Now, I’m not saying that the MBL components sound like tubes. They do not in ways I’ll discuss below (and which Jonathan tackles in some fresh ways in his companion piece that follows on the 6010 D). What they manage to do is offer a pretty wonderful mixture of what we appreciate in the sound of both transistor and vacuum tube electronics. And rather than say the MBL gear sounds “musical,” let me instead say that the MBL gear brings the music and its recorded space into my room in a way that frankly makes me care not a fig if the chassis are filled with tubes, transistors, or jellybeans.
For instance, if you were to play the beautiful-sounding Deutsche Grammophon CD of the Mutter/Levine reading of Berg’s Violin Concerto, you’ll notice a startlingly expansive soundfield of tremendous depth—though not necessarily width, the one area in which the MBL electronics are merely good, as opposed to exceptional—gorgeously rich and convincing tone colors, and a remarkably tiered dynamic range that finds Mutter’s violin sharing a dialogue-like exchange with other string players before the entire orchestra rushes in for a near chaotic and absolutely thrilling climax.
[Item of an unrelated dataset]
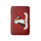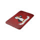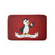 Diseño personalizado con ilustracion de pingüino lindo con bola de nieve sobre fondo rojo; diseño para niños por Maxi Harmony, con plantilla de texto de personalizable
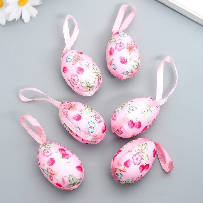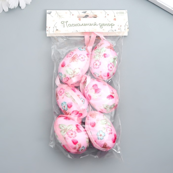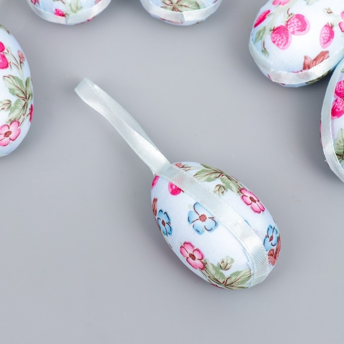 Декор пасхальный подвеска "Яйцо с цветочками" набор 6 шт МИКС 6х4 см

This is a complex and occasionally busy composition that the MBL stuff not only handles with ease but conveys in a way that allows the composers intentions to shine through, unmolested. As JV points out, the MBL sound is a touch darker, perhaps a shade more beautiful than life, but in tandem with its remarkable air, transparency to the recording venue, and outstanding detail, I’d say that’s a compliment.
And this ability to bring the recording site home is one of the reasons the MBL designs bring music so fully to life. Take György Ligeti’s brilliant dark comic opera Le Grand Macabre [Sony]. This 1998 live recording from Paris presents a soundstage so magically laid before your listening seat, along with a spooky-palpable sense of the theater’s ambience (there’s a bit of audience noise and mild laughter) that makes you a part of the event. Ligeti’s complexly scored orchestra and small ensemble of singers are defined not only by exquisitely solid image placement but also by an unusual three-dimensionality—one that layers the musicians and singers back from the front plane of the Kharma Minis, and also allows you to track the singers movements across the stage, next to and around one another. This recording also highlights the virtues of solid-state—the ability to deliver hard and fast transients with pistol-shot-like speed, and a bottom end that has a mind-bending combination of richness, weight, and explosive power. This is by far the most “live” sounding system I’ve experienced in my home.
Now, this, and any review, is of course not only a review of the items under scrutiny but of the entire system or systems it has been part of. Therefore, credit must also be given to the associated items listed at the end of this article and especially to Kharma’s marvelous Mini Exquisite, which I’ll report on next issue.
One final thing about the MBL sound—and this relates especially to the 1521A CD transport and 1511 E DAC: Buyer beware. Because these products make listening to CDs such a fresh, lively, and deeply involving experience, you’re likely to start spending large chunks of your discretionary income on all kinds of new music. I know that I have.